He didn't even lose it.
He's not even responsible for the loss in his world.
I guarantee you, when Obama gets together with Valerie, Jarrett, and they start maybe Michelle if they let her in the meeting.
They sit around and they start bitching about how stupid and unappreciative the Democrats are.
And I guarantee you, he took personally the fact they didn't want him around in their re-election campaigns.
He might publicly say that he understands, but you don't this is not the way you treat somebody who thinks as highly of himself as Obama thinks of himself.
You don't do this.
You don't cast him aside.
You don't publicly indicate that he's bad news for you.
You do not publicly indicate you don't want Barack Obama around.
And if you do, there's going to be a price to pay.
And now these these guys, Schumer and Harkin out there saying Obamacare, worst mistake, ah, I guarantee you in the White House.
Those guys have horns on their pictures, and they're on the wall, and Josh Ernest and the boys are throwing darts at him.
And for but but but to expect Barack Obama to stop himself?
To expect Barack Obama to say, oh, you know what?
I guess I guess the American people uh don't don't like my agenda.
Okay, well, I better give the people what they want.
How do you they can't possibly really believe that, right?
Can't possibly.
That's a bygone era in politics where losers responded to public opinion and tried to get back in the good graces of the public.
Those states don't exist anymore.
Hell, not even on our side.
I just I had to play that again because I'm I'm it's a second time.

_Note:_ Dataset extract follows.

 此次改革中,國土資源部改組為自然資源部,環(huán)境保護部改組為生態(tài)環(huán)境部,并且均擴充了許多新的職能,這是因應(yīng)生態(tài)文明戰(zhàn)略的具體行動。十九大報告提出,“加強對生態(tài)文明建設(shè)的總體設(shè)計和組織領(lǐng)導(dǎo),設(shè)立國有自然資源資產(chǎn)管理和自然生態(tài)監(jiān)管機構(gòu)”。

I forget what the first McConnell quote was.
But it was the same thing.
He expected Obama to tack to the middle after the election.

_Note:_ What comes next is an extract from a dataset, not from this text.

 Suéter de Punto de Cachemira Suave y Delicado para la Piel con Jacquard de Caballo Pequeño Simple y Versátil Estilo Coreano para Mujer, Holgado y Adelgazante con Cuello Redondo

I think he said this either election night or within a couple of days afterwards.
But you strip it all away, what it translates to is they expect Obama to stop himself, that they really don't have any interest in stopping himselves, which is what their mandate is.
Anyway, I mentioned this before the uh top of the hour break.
This is from the Independence Journalism Review.
You know, there's a lot of young bubbling up their effervescent conservative websites out there.
There are a lot of them.
And they are disdainful of the drive-by media, and some of them are even disdainful of the so-called existing conservative media.
Uh guys, guys like James O'Keefe and Jason Matera, but there are a bunch of others.
Uh, the the campus reform guys, got news.com.
They're a bunch of really peddle to the metal young conservative, uh conservative review is one.
Uh websites out there, and they are take no prisoners.
And independence journalism review is is is one of them.
And there's a story here about the uh North Dakota is taking a new approach to ensure that its youths learn the value of the greatness of the United States in an effort to ensure that high school graduates are aware how the government operates.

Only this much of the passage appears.